**Supplied records**

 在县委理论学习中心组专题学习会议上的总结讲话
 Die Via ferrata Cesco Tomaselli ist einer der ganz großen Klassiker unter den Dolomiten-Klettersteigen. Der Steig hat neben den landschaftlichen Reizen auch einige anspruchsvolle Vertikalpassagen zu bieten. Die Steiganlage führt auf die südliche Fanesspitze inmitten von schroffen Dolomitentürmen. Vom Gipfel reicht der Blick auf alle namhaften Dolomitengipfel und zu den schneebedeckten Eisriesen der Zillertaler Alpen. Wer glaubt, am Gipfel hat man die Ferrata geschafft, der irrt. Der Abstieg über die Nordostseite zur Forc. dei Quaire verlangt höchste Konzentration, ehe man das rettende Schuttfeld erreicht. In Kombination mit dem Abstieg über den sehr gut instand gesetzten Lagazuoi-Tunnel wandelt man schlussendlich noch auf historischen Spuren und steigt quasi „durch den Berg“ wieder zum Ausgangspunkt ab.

...

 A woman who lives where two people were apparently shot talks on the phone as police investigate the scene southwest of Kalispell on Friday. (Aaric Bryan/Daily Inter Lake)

**Activity**
Would you copy out exactly the lines above that start at the one containing "在县委理论学习中心组专题学习会议上的总结讲话" and end at the one containing "Die Via ferrata", inclusive?

**Exercise answer**
 在县委理论学习中心组专题学习会议上的总结讲话
 Die Via ferrata Cesco Tomaselli ist einer der ganz großen Klassiker unter den Dolomiten-Klettersteigen. Der Steig hat neben den landschaftlichen Reizen auch einige anspruchsvolle Vertikalpassagen zu bieten. Die Steiganlage führt auf die südliche Fanesspitze inmitten von schroffen Dolomitentürmen. Vom Gipfel reicht der Blick auf alle namhaften Dolomitengipfel und zu den schneebedeckten Eisriesen der Zillertaler Alpen. Wer glaubt, am Gipfel hat man die Ferrata geschafft, der irrt. Der Abstieg über die Nordostseite zur Forc. dei Quaire verlangt höchste Konzentration, ehe man das rettende Schuttfeld erreicht. In Kombination mit dem Abstieg über den sehr gut instand gesetzten Lagazuoi-Tunnel wandelt man schlussendlich noch auf historischen Spuren und steigt quasi „durch den Berg“ wieder zum Ausgangspunkt ab.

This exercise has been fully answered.